═════ GIVEN ENTRIES ═════

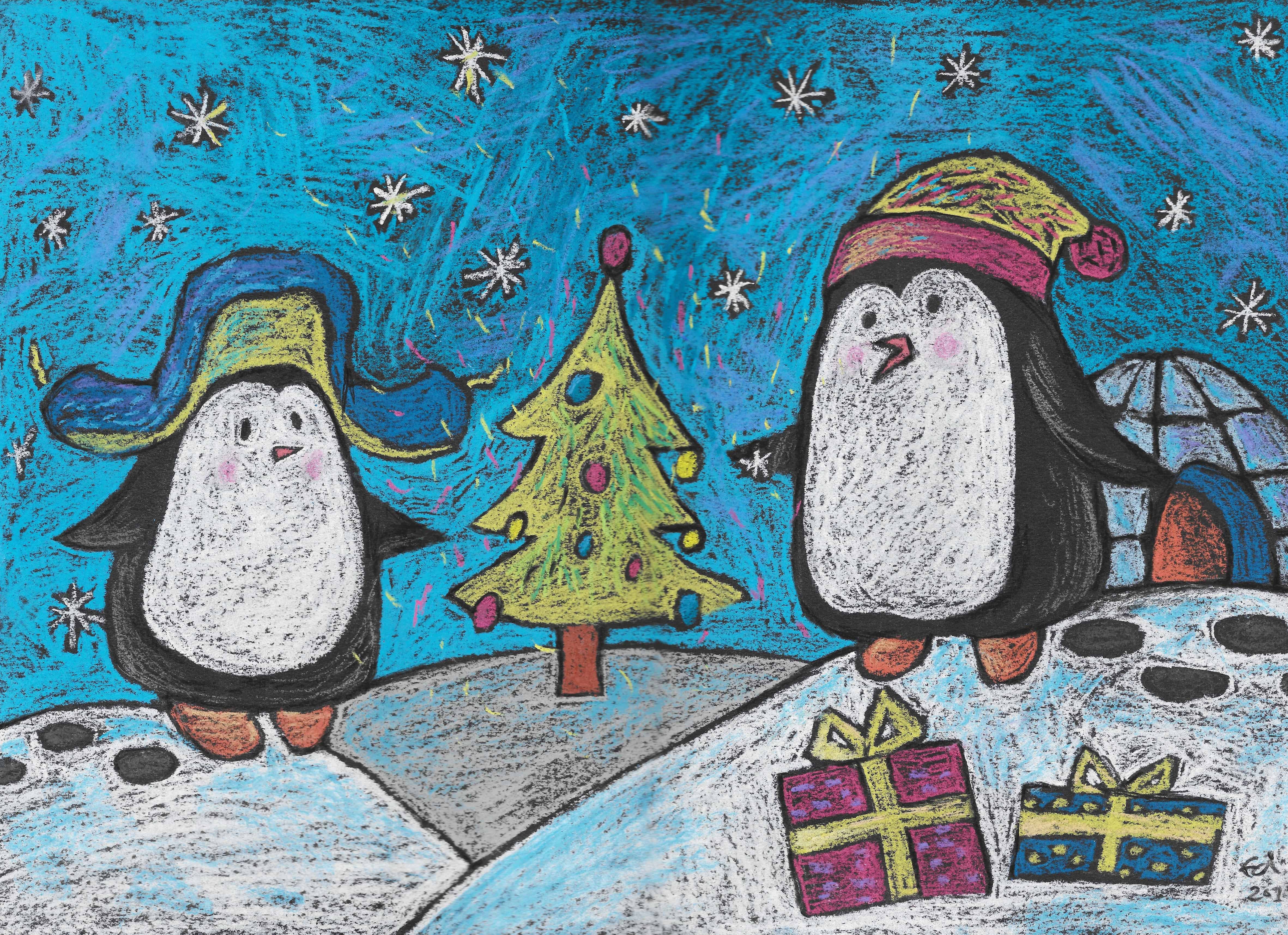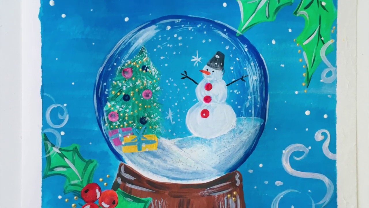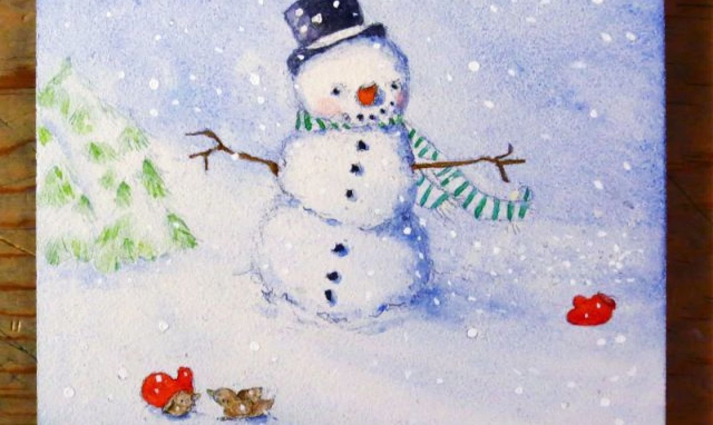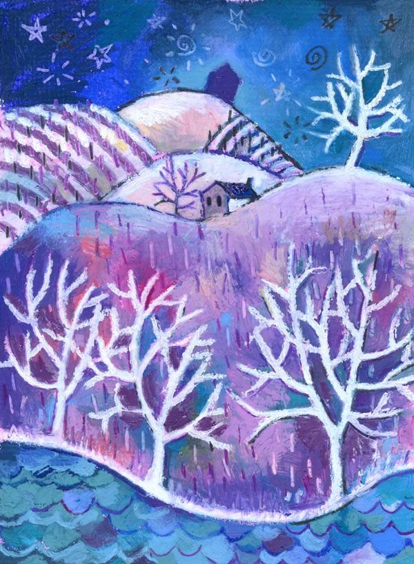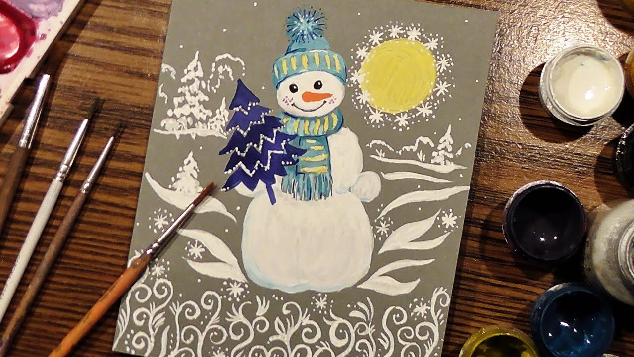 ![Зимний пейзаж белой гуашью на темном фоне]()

═════
═════ GIVEN ENTRIES ═════

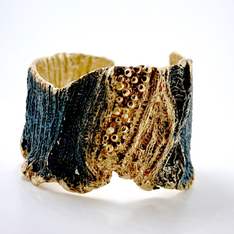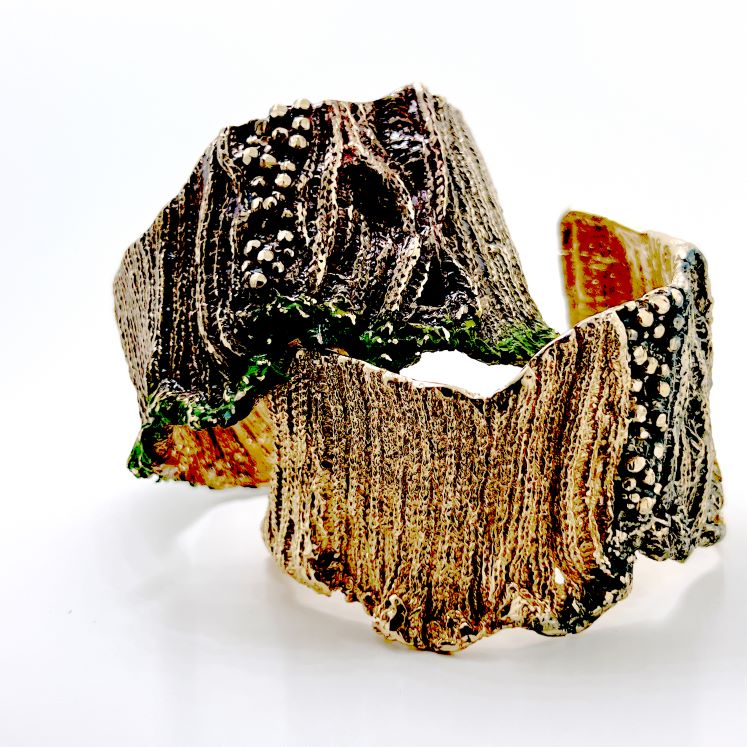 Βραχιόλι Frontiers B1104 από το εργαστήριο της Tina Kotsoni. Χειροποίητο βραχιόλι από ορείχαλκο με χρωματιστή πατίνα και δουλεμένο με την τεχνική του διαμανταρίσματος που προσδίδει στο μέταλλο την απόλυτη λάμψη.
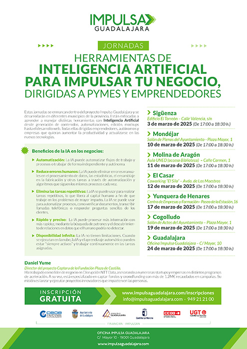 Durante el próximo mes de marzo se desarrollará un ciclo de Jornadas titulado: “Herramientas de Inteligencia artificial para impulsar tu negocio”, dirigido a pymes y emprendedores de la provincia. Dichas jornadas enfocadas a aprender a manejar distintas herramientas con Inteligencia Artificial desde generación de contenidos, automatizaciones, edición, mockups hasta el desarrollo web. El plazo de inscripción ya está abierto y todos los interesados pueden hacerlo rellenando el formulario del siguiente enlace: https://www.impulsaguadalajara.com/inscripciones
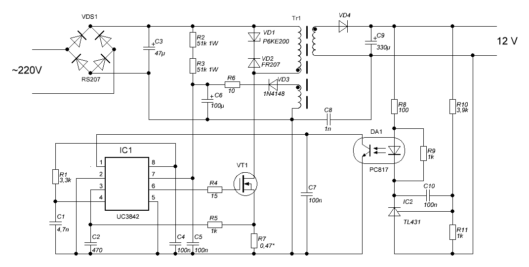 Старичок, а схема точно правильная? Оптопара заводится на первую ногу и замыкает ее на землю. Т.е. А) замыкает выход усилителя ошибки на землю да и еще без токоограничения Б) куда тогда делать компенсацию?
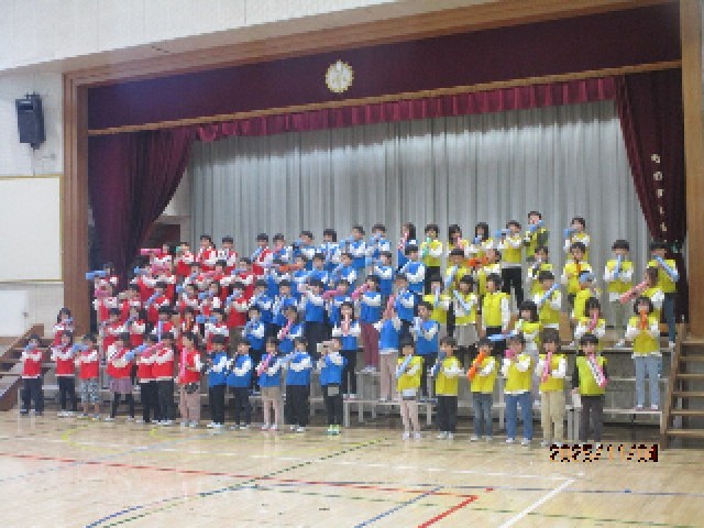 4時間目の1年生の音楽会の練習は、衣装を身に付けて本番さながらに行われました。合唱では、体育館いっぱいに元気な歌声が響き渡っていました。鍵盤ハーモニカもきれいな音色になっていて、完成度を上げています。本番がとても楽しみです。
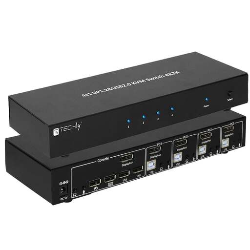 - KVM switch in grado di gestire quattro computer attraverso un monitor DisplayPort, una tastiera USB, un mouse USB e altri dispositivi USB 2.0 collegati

═════

- EXERCISE PROMPT
Using the data above, retype exactly and only the lines from the one containing "4時間目の1年生の音楽会の練" up to and including the one containing "- KVM switch", with no pictures carried over.

- EXPECTED ANSWER
 4時間目の1年生の音楽会の練習は、衣装を身に付けて本番さながらに行われました。合唱では、体育館いっぱいに元気な歌声が響き渡っていました。鍵盤ハーモニカもきれいな音色になっていて、完成度を上げています。本番がとても楽しみです。
 - KVM switch in grado di gestire quattro computer attraverso un monitor DisplayPort, una tastiera USB, un mouse USB e altri dispositivi USB 2.0 collegati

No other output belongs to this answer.